Let $X=\{\text{Number of eggs on a given leaf}\}$ and we have that $X\sim \text{Poi}(\lambda), \ \lambda=1.$ We also know that $P(\text{Visit}) = 0.1.$ We are looking for $P(\text{No eggs}).$
So, according to Baye's theorem: $$P(\text{No eggs})=1-P(\text{Eggs})=1-P(\text{Eggs|Visit})\cdot P(\text{Visit})=1-0.1\cdot P(\text{Eggs|Visit}).$$
I have to find $$P(\text{Eggs|Visit})=\frac{e^{-1}(-1)^0}{0!}=\frac{1}{e}\approx 0.3679.$$
So
$$P(\text{No eggs})=1-0.1\cdot0.3679=0.9632.$$
Correct answer is $0.9 + 0.1\cdot e^{-1}\approx0.94.$
Questions:
1) In a problem, what is the main indicator that Baye's theorem should be used?

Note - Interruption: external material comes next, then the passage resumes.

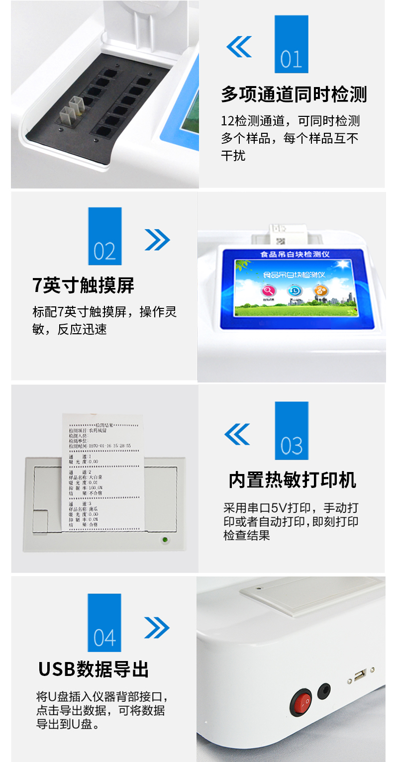 | 儀器采用臺式一體化系統(tǒng)檢測技術,將分光光度模塊、新型農殘檢測模塊、數(shù)字化管理模塊、無線通訊模塊高度集成于一體,支持檢測200種食品安全檢測項目,同時預留升級檢測方法。 | 儀器檢測模塊標準化、智能化,可隨意自由組合。檢測箱體內置多個標準檢測單元,檢測模塊可以調整配置。 | 儀器采用全新安卓智能系統(tǒng),主控芯片采用 ARM Cortex-A7,RK3288/4核處理器,10.1寸高清液晶觸摸豎屏,更加**的UI交互界面,運轉快捷;儀器配備無線通信模塊: 4G(APN)通訊模塊、Wifi模塊,藍牙傳輸,同時具有雙USB接口以及RJ45接口能以多種方式實現(xiàn)數(shù)據(jù)保存和數(shù)據(jù)傳輸功能。 | 創(chuàng)新檢測模式: | ★檢測通道:≥12通道;采用精密旋轉比色池設計,使用同芯片同光源校準精度,解決不同光源之間的誤差值。1-12通道間誤差0.1%。(***:**202022821055.2) | ★儀器具有自動識別比色皿檢測功能,即:將樣品比色皿放入儀器后,點擊樣品檢測,儀器自動識別比色皿進行通道檢測。 | 進口高精光源: | 高精度進口四波長冷光源,通道配置 410、520、590、630nm 波長光源,一個光源芯片驅動一個光源,誤差極小,每臺設備單獨**校準光源,**比對,同時參照四種不同波段光源全方位覆蓋市面上99%的農殘食品項目檢測。 | 智能化操作系統(tǒng): | 便捷操作系統(tǒng):設備檢測時可在同一檢測界面自動對應相關檢測通道一次性選擇1-12個樣品名稱,無須退出界面,節(jié)省操作時間。 | 數(shù)據(jù)集成系統(tǒng):設備首頁自動統(tǒng)計檢測數(shù)據(jù)包含:周檢測數(shù)據(jù)、月檢測數(shù)據(jù),全部檢測總數(shù)量,均包含檢測總數(shù),合格數(shù),不合格數(shù),以及相關柱形分析圖,對各項檢測數(shù)據(jù)清晰掌握,無需電腦查詢,更加快捷直觀。 | 項目預設系統(tǒng):支持添加單個及多個相同或不相同的任務預設,一鍵快速調取,每一個任務分別可以設置不同的樣品、批次、編號、來源、備注、抽樣信息、檢測信息、受檢信息、復核信息等更多信息。無縫鏈接平臺和APP實時查看下發(fā)任務。 | 數(shù)據(jù)監(jiān)管系統(tǒng):同步對接監(jiān)管平臺,數(shù)據(jù)可局域網(wǎng)和互聯(lián)網(wǎng)數(shù)據(jù)上傳,檢測結果可選擇直接傳至食品安全監(jiān)管平臺。集成OSS輸出存儲服務、區(qū)分設備定向管理應用,進行區(qū)域食品安全監(jiān)管及大數(shù)據(jù)分析處理與數(shù)據(jù)統(tǒng)計,檢測區(qū)域食品安全長短期動態(tài),達到食品安全問題預估、預警。 | 自定義打印系統(tǒng):內置全新打印系統(tǒng),新創(chuàng)自定義打印方式,可按需靈活設置開啟或關閉:產品合格證(國家農業(yè)部標準要求),二維碼,抽樣信息、檢測信息,受檢信息、復核信息、抽樣日期、檢測日期等信息的打印。 | 系統(tǒng)遠程更新功能:可定向分客戶分儀器更新系統(tǒng),按照不同客戶后期實際需求添加項目,無需機器返廠,即可遠程實時升級全新系統(tǒng),節(jié)省時間成本及避免運輸造成設備損壞。 | 儀器主機采用一體化防水、抗壓、防撞擊、防腐蝕箱體設計,同時配備交直流供電,可連接車載電源,可選配大容量充電鋰電池,滿足現(xiàn)場野外檢測需求。 | 安全證書,放心保障:儀器具有中國計量科學研究院校準證書,權威認證。 |

2) I don't really understand how it suffices to directly use the pmf for Possion distribution to compute $P(\text{No eggs}).$ My random variable $X$ only counts ne number of eggs on a leaf, not number of eggs given a visitor. I think this has something to do with getting incorrect answer.
Best Answer
What you have computed as $1/e$ is $P[\text{No eggs|Visit}]$.
The probability of no eggs is: Probability of no visit + Probability[visit] $\times$ (Probability of no eggs given visit).